Corpo sem sentido, merda.

Corpo que é teu e meu, que é meu e teu. Corpo que é nosso, que não é. Corpo que temos, que ora agora já nem pretendemos. Corpo que vai, que fica, que se perde na vontade perdida de ficar, mas não finca o pé e se prende aqui. Corpo que pede, que tem, corpo que não é de ninguém, mas afinal é de alguém. Confusão dos diabos este corpo perdido, com pele sem sentido, ruída de desejo sem ninguém para o arrancar, partilhar, sentir. Corpo desgraçado que pede amor, que não tem, que ora agora se lembra e por momentos consegue ter. Corpo enganado, esganado, quer ser mais do que é e não pode, é só corpo. Coitado, finge-se ser, pudesse ele na realidade foder sem ser fodido. Corpo suado, que trabalha de sol a sol, na sua inocência não percebendo que nem ainda o primeiro sol do ano conseguiu apanhar. Anda sem rumo, à deriva, na esperança que alguém o escute, defina como sendo seu, e agarre com as unhas vincadas, marcando as costas desse desgraçado e escrevendo o seu nome como se fosse uma propriedade qualquer, mas sua. Corpo esbatido, sangrento, corpo pintado, esborratado, marcado. Corpo que passou, que passa, que quer passar, por tanto e tão pouco, mas que sente que ainda é pouco o tanto que passou. Não sabe quem é, mas conhece-se, não sabe o que quer, mas carrega vontade e vontade pesada esta. Corpo amado e sofrido, mas que ama mesmo perdido e deixado. Corpo largado, apegado, arrancado de alguém por alguém, mas que diz ser do ninguém. Ninguém que existe, que passa por ele e o faz ser qualquer coisa no monte de coisas que ele se acha ser. Corpo ingenuo, arriscado, sem medo e sem merda nenhuma. Apaixonado, arranquem-lhe amor, prazer, o desejo da noite, de uma noite qualquer. O corpo que é teu e meu, que é meu e teu. Corpo que é nosso, que não é.

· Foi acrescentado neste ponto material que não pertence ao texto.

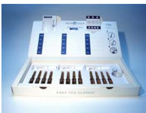
Easy TCA® KIT

Menthol and Camphor: leaves the skin feeling fresh
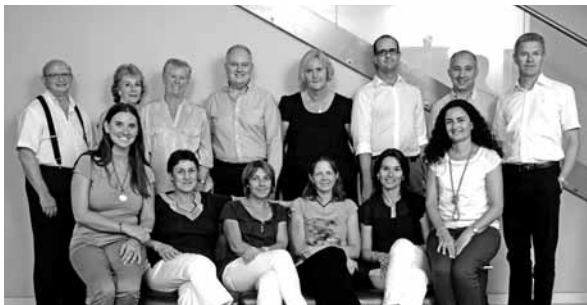
The ETI team

Member of CLARET GROUP learn • grow • achieve •
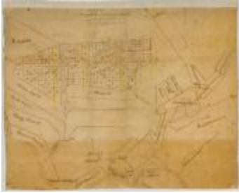
Map of Glen Bleeker and Lansing's Patent and Chase Patent, Fulton County and Hamilton County (NYSA_B1610-99_138_1)
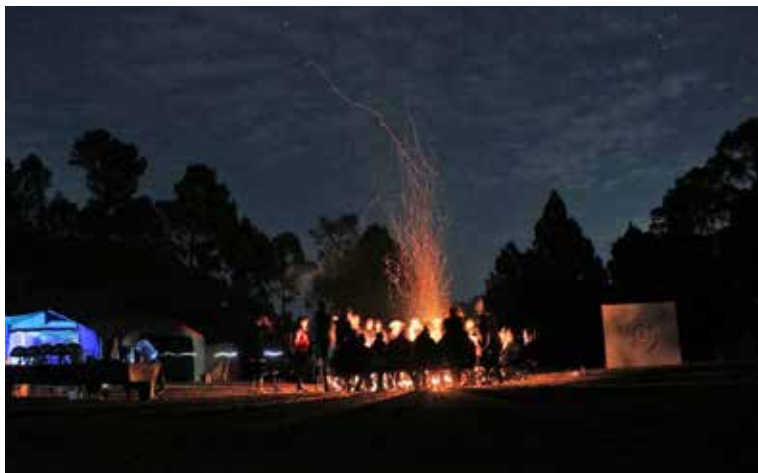
Team members gathered around a bonfire during the outbreak

experiences. These three days taught me a lot about myself that I could not have figured out otherwise. I am very thankful for this amazing initiative and I hope the friendships we made at Jabri would last forever.
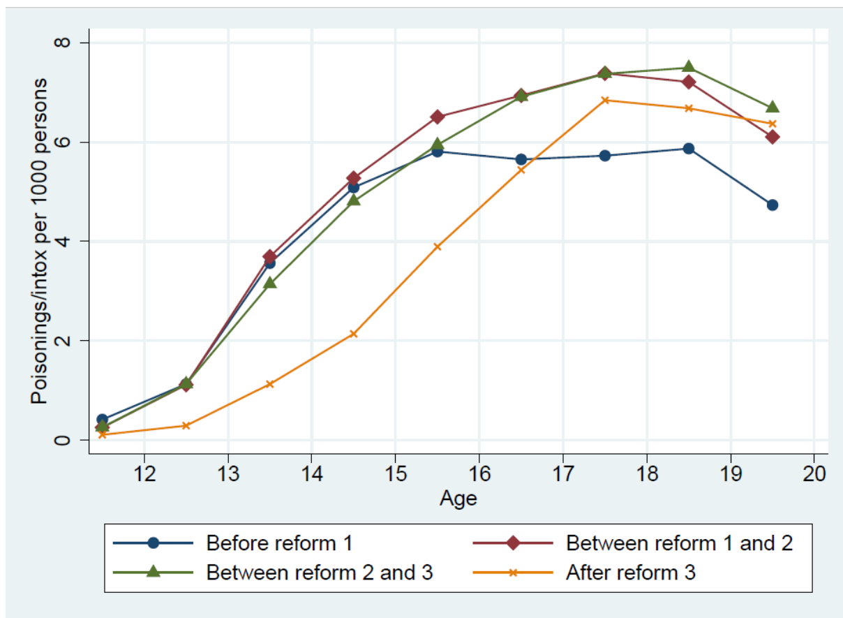
Figure A1: Alcohol poisonings and intoxications per 1,000 persons and year in different policy periods. “Before reform 1” represents 1995–1997, “between reform 1 and 2” 1999–2002, “between reform 2 and 3” 2005–2010, and “after reform 3” 2012–2013.

Que temos, que tivemos, que agora já não sabemos. Chega-se a saber, e sabe-se sem se chegar. Onde, onde, que este corpo não sai do mesmo lugar para não se perder, e engraçado é dizer que perdido anda ele. Queira Deus que este corpo um dia tenha amor para alguém como alguém tenha para ele. Corpo desfeito, na espera que seja feito de novo pelo toque que o desfez.